*Task requirements*. Take nothing but the lines from the one with "An intranet governance" through the one with "Berolig din baby" in the entries below, both ends kept, and return them exactly with pictures left out.
** Available data follows **
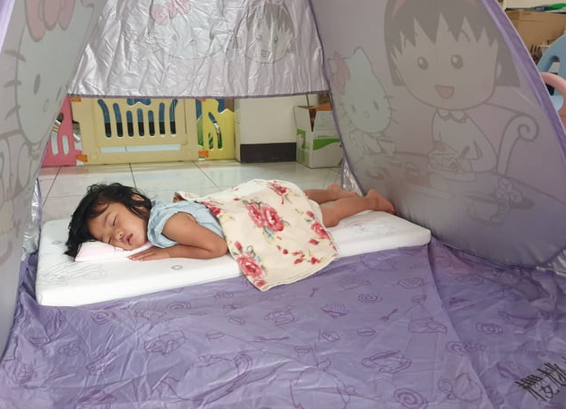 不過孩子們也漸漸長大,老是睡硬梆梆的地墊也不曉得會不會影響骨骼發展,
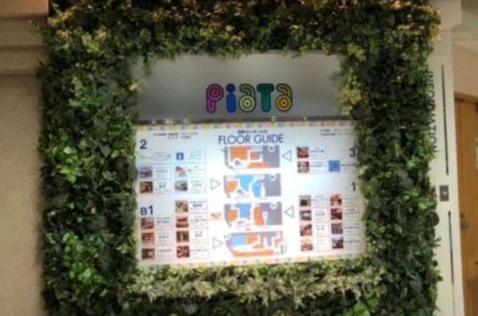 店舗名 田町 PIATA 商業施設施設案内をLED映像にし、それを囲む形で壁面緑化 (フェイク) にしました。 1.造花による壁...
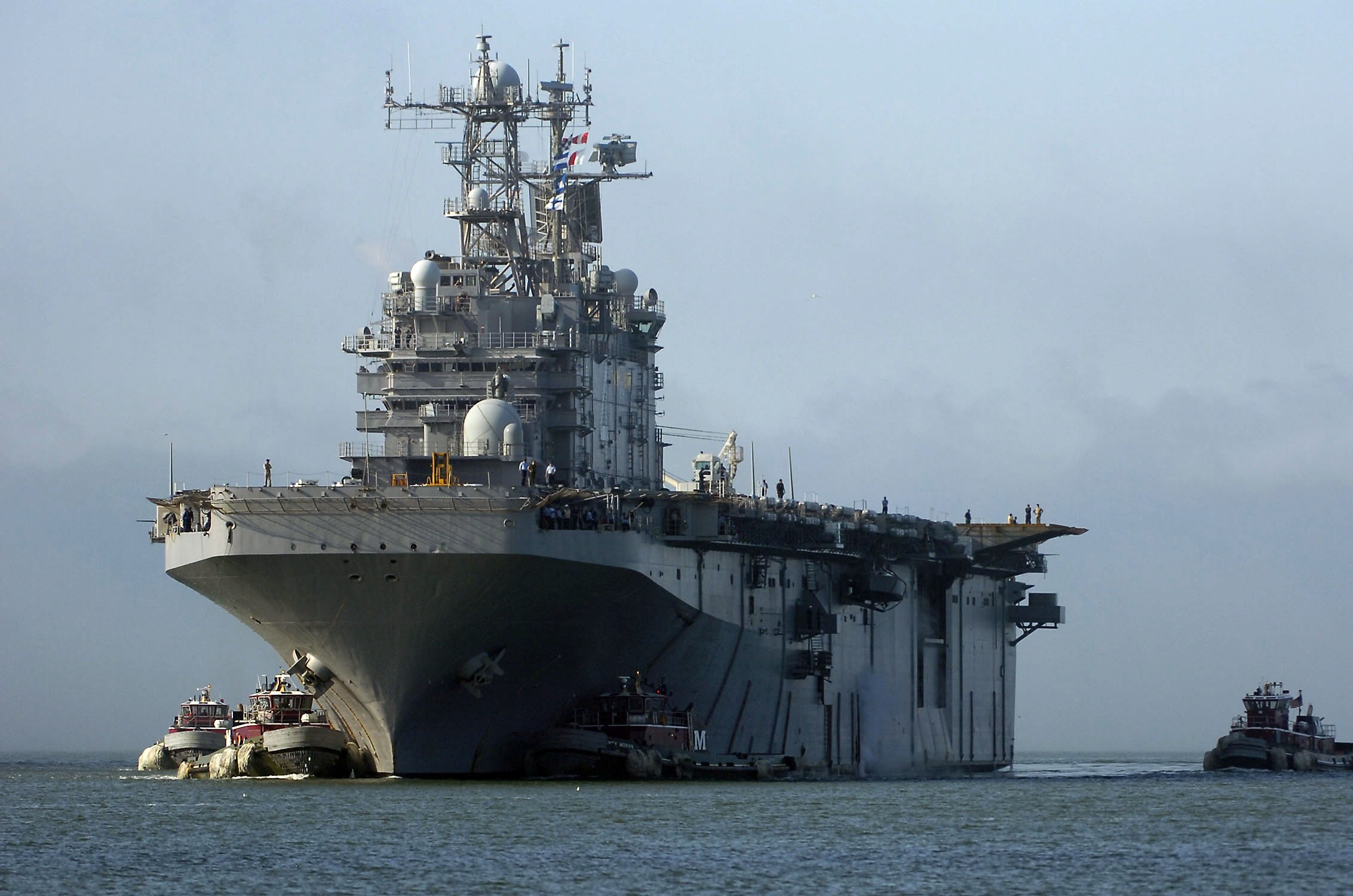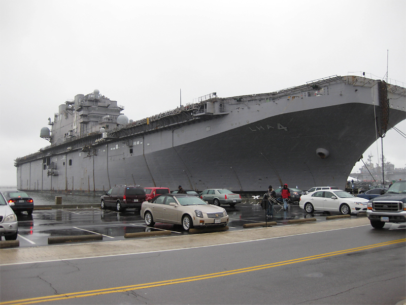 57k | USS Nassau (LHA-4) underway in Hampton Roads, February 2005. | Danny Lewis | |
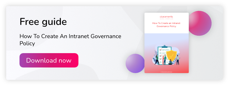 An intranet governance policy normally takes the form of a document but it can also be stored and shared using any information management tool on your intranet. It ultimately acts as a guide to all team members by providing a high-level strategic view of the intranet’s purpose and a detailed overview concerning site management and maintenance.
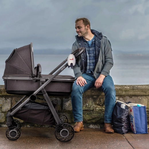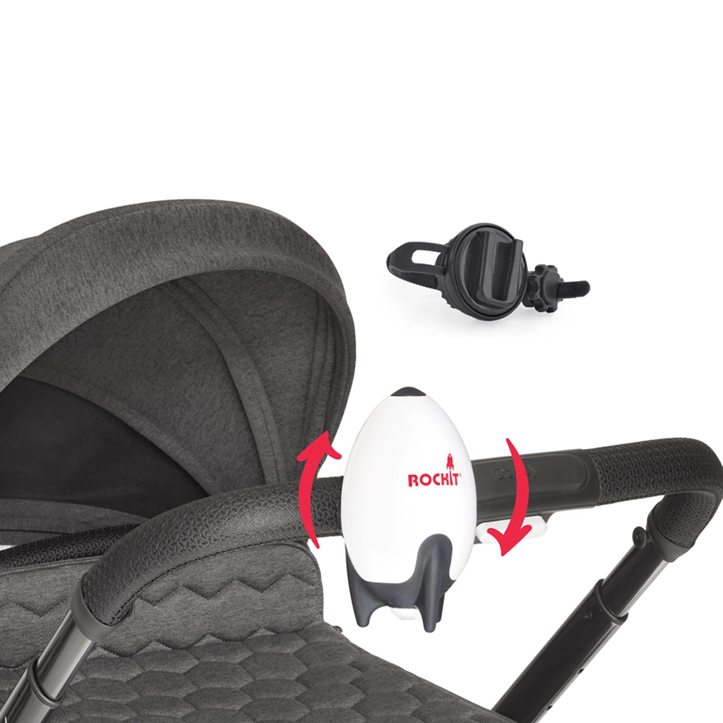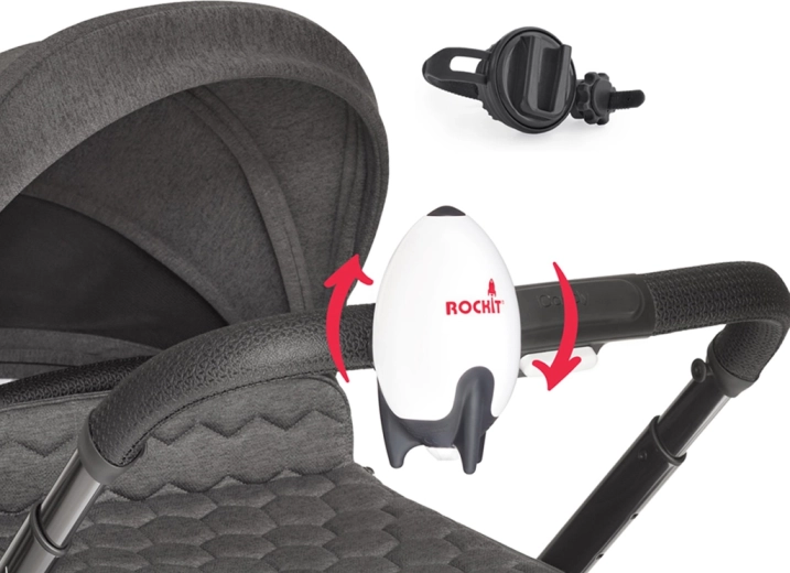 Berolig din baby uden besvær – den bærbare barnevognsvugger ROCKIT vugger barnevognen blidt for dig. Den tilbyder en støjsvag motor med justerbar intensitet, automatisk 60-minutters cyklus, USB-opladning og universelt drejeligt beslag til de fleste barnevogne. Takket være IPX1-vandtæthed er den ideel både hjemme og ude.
** End of Available data **
** Available data follows **
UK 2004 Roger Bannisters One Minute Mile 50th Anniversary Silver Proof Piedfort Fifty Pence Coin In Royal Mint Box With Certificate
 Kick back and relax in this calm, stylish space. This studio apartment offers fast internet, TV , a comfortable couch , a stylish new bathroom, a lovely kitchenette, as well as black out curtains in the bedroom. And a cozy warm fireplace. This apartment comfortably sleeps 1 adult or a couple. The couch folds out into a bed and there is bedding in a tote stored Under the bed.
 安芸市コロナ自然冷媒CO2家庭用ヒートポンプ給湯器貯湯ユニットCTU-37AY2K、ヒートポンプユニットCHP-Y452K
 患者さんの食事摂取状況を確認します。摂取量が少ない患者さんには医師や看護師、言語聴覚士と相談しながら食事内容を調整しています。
** End of Available data **
** Available data follows **
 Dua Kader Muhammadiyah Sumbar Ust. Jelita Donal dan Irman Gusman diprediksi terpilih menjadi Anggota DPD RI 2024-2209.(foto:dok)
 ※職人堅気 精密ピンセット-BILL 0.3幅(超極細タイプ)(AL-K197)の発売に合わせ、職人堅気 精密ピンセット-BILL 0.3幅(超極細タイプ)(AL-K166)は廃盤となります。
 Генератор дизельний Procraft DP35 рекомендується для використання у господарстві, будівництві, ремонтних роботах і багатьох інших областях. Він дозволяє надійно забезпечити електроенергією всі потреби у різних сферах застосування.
** End of Available data **
*Completed exercise*.
 An intranet governance policy normally takes the form of a document but it can also be stored and shared using any information management tool on your intranet. It ultimately acts as a guide to all team members by providing a high-level strategic view of the intranet’s purpose and a detailed overview concerning site management and maintenance.
 Berolig din baby uden besvær – den bærbare barnevognsvugger ROCKIT vugger barnevognen blidt for dig. Den tilbyder en støjsvag motor med justerbar intensitet, automatisk 60-minutters cyklus, USB-opladning og universelt drejeligt beslag til de fleste barnevogne. Takket være IPX1-vandtæthed er den ideel både hjemme og ude.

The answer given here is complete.